The properties of a polyurethane are greatly influenced by the types of isocyanates and polyols used to make it. Long, flexible segments, contributed by the polyol, give soft, elastic polymer. High amounts of crosslinking give tough or rigid polymers. Long chains and low crosslinking give a polymer that is very stretchy, short chains with lots of crosslinks produce a hard polymer while long chains and intermediate crosslinking give a polymer useful for making foam. The crosslinking present in polyurethanes means that the polymer consists of a three-dimensional network and molecular weight is very high. In some respects a piece of polyurethane can be regarded as one giant molecule. One consequence of this is that typical polyurethanes do not soften or melt when they are heated; they are thermosetting polymers. The choices available for the isocyanates and polyols, in addition to other additives and processing conditions allow polyurethanes to have the very wide range of properties that make them such widely used polymers.
Isocyanates are very reactive materials. This makes them useful in making polymers but also requires special care in handling and use. The aromatic isocyanates, diphenylmethane diisocyanate (MDI) or toluene diisocyanate (TDI) are more reactive than aliphatic isocyanates, such as hexamethylene diisocyanate (HDI) or isophorone diisocyanate (IPDI). Most of the isocyanates are difunctional, that is they have exactly two isocyanate groups per molecule. An important exception to this is polymeric diphenylmethane diisocyanate, which is a mixture of molecules with two, three, and four or more isocyanate groups. In cases like this the material has an average functionality greater than two, commonly 2.7.
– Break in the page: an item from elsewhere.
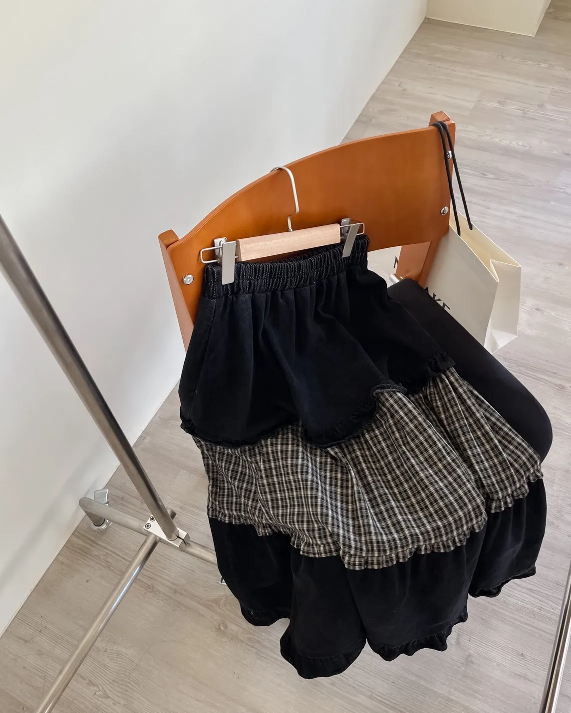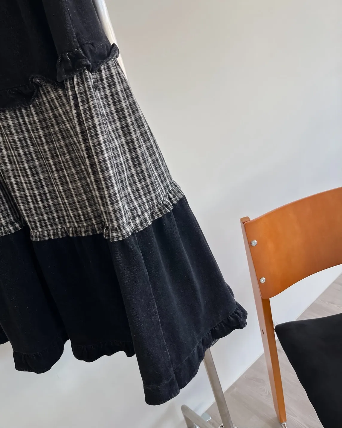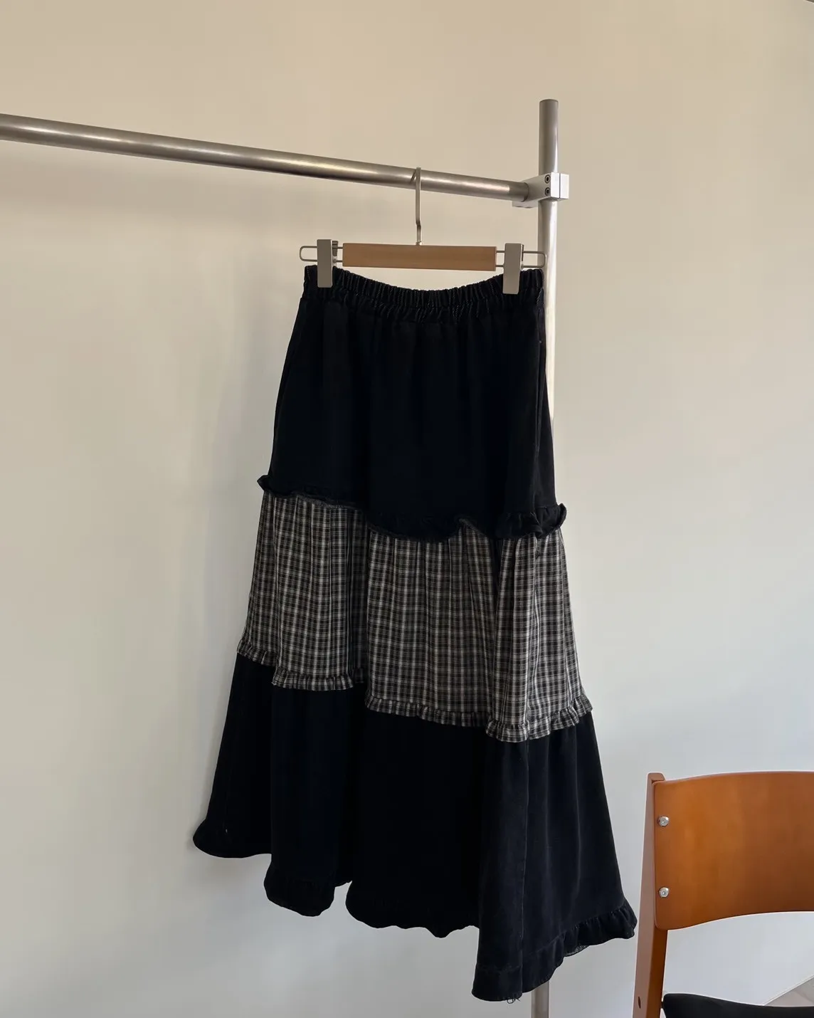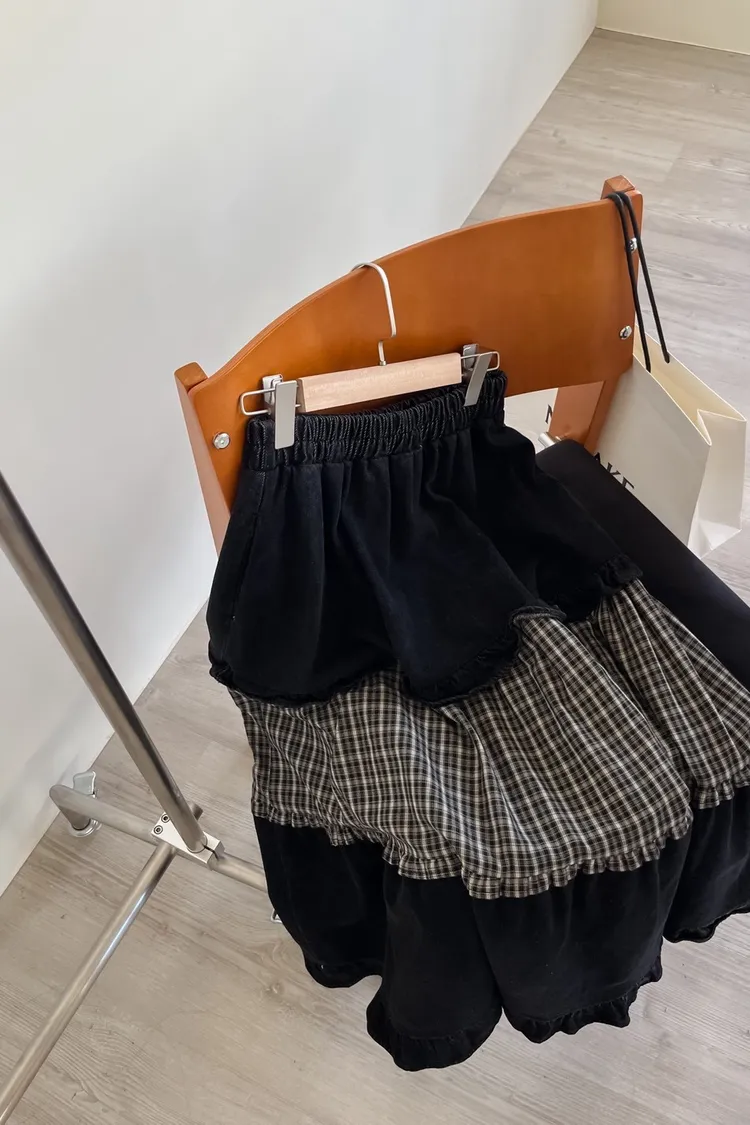 全鬆緊 建議尺寸S-大L 兩側口袋 牛仔布+格紋拼接 下擺荷葉邊 寬鬆傘擺 無內裡

Polyols are polymers in their own right and have on average two or more hydroxyl groups per molecule. Polyether polyols are mostly made by co-polymerizing ethylene oxide and propylene oxide with a suitable polyol precursor. Polyester polyols are made similarly to polyester polymers. The polyols used to make polyurethanes are not “pure” compounds since they are often mixtures of similar molecules with different molecular weights and mixtures of molecules that contain different numbers of hydroxyl groups, which is why the “average functionality” is often mentioned. Despite them being complex mixtures, industrial grade polyols have their composition sufficiently well controlled to produce polyurethanes having consistent properties. As mentioned earlier, it is the length of the polyol chain and the functionality that contribute much to the properties of the final polymer. Polyols used to make rigid polyurethanes have molecular weights in the hundreds, while those used to make flexible polyurethanes have molecular weights up to ten thousand or more.
The polymerization reaction makes a polymer containing the urethane linkage, —RNHCOOR′— and is catalyzed by tertiary amines, such as 1,4-diazabicyclo[2.2.2]octane (also called DABCO), and metallic compounds, such as dibutyltin dilaurate or bismuth octanoate. Alternatively, it can be promoted by ultraviolet light. This is often referred to as the gellation reaction or simply gelling.
If water is present in the reaction mixture (it is often added intentionally to make foams), the isocyanate reacts with water to form a urea linkage and carbon dioxide gas and the resulting polymer contains both urethane and urea linkages. This reaction is referred to as the blowing reaction and is catalyzed by tertiary amines like bis-(2-dimethylaminoethyl)ether.
A third reaction, particularly important in making insulating rigid foams is the isocyanate trimerization reaction, which is catalyzed by potassium octoate, for example.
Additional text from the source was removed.